_Supplied information_:

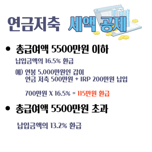 정부에서는 사적연금을 가입을 권장하기 위해 연금계좌가 있는 경우 세액 공제 혜택을 주고 있습니다. 연금으로 납입한 금액의 일부를 세금에서 줄여주는 건데요, 총급여가 5500만원 이하면 납입금의 16.5%를 5500만원 이상이면 13.2%를 환급받을 수 있습니다.
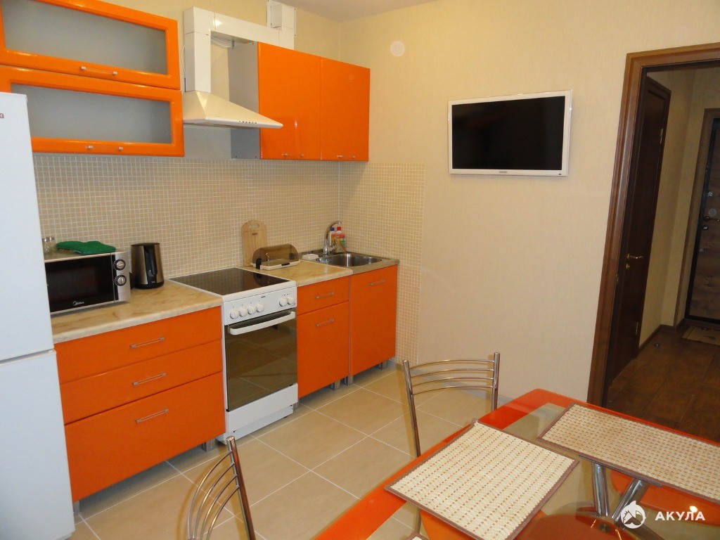 Полностью оборудованная кухня: холодильник, плита с 4 конфорками, духовка, микроволновка, электрический чайник, небольшой набор посуды.
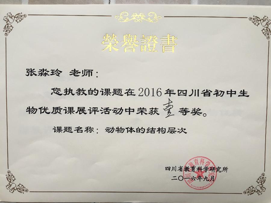 张淼玲老师在2016年省初中生物优质课展评活动中获省一等奖
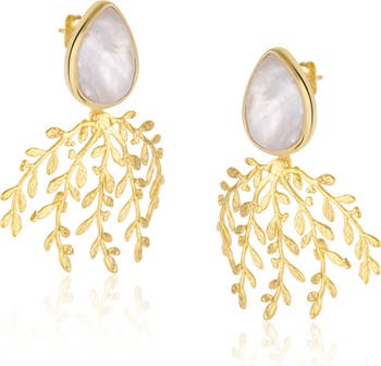 Mother Of Pearl Olive Branch Sterling Silver Earring

_Task description_: Copy out the whole listing word for word, except for any picture it includes.

_Finished task_:
 정부에서는 사적연금을 가입을 권장하기 위해 연금계좌가 있는 경우 세액 공제 혜택을 주고 있습니다. 연금으로 납입한 금액의 일부를 세금에서 줄여주는 건데요, 총급여가 5500만원 이하면 납입금의 16.5%를 5500만원 이상이면 13.2%를 환급받을 수 있습니다.
 Полностью оборудованная кухня: холодильник, плита с 4 конфорками, духовка, микроволновка, электрический чайник, небольшой набор посуды.
 张淼玲老师在2016年省初中生物优质课展评活动中获省一等奖
 Mother Of Pearl Olive Branch Sterling Silver Earring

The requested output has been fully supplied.